O professor universitário Carlos Reis procurou hoje demonstrar, em Coimbra, como na obra literária de Eça de Queiroz existem “sugestões de representação” que antecipam a arte do cinema que depois nasceu.

No século XIX, diversos escritores “tiveram a capacidade de inscrever dispositivos fílmicos na sua ficção”, disse o professor catedrático da Faculdade de Letras da Universidade de Coimbra (FLUC), ao proferir a última lição com que assinalou a sua jubilação após mais de 40 anos de carreira académica.

“A partir de vários textos de Eça (também, mas em menor escala, de outros autores), trato de mostrar que em vários dos romances queirosianos existem sugestões de representação que antecipam a grande arte da imagem que há de chegar: o cinema”, afirmou Carlos Reis à agência Lusa à margem da cerimónia.

O especialista em literatura portuguesa, com destaque para Eça de Queiroz (1845-1900), apresentou, no auditório da Reitoria da Universidade de Coimbra, uma lição intitulada “Para uma releitura intermediática da ficção queirosiana”.

Ao iniciar a sua intervenção, esclareceu que não iria analisar as várias “adaptações de obras de Eça ao cinema”.
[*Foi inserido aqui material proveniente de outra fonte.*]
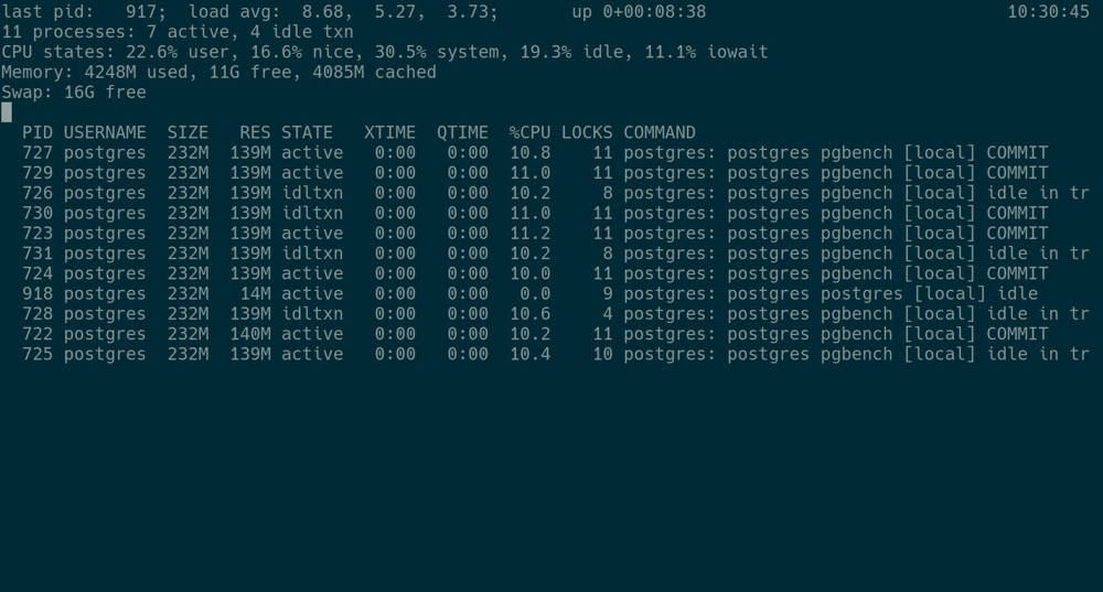 因此,回到数据库自身,是否有类似的负载指标?很可惜,原生 PostgreSQL 并没有类似这样的指标,但是我们知道,一些 CLI 工具是包含 LOAD 这个指标的,比如 pg_top、pg_activity、pg_views 等等。以 pg_top 为例:

Carlos Reis já tinha antevisto à Lusa que iria “evidenciar como certos olhares de personagens, certos movimentos de descrição de espaços e movimentos das ações narrativas correspondem ao que depois foram os grandes signos da representação fílmica”.

Por exemplo, no romance de Eça “Os Maias” – e já antes em “O Crime do Padre Amaro” e “A Relíquia” – “há panorâmicas, ‘travellings’, grandes planos sobre pormenores e hipóteses de montagem”, com conexões ao cinema.

“A ideia geral que subjaz a esta análise é a seguinte: os atuais estudos narrativos não encerram a narrativa no campo da literatura. Ela dialoga com o cinema e também com a televisão e com o romance gráfico, que em muitos aspetos ‘aprenderam’ com os grandes romances oitocentistas”, explicou nas declarações antes da aula derradeira.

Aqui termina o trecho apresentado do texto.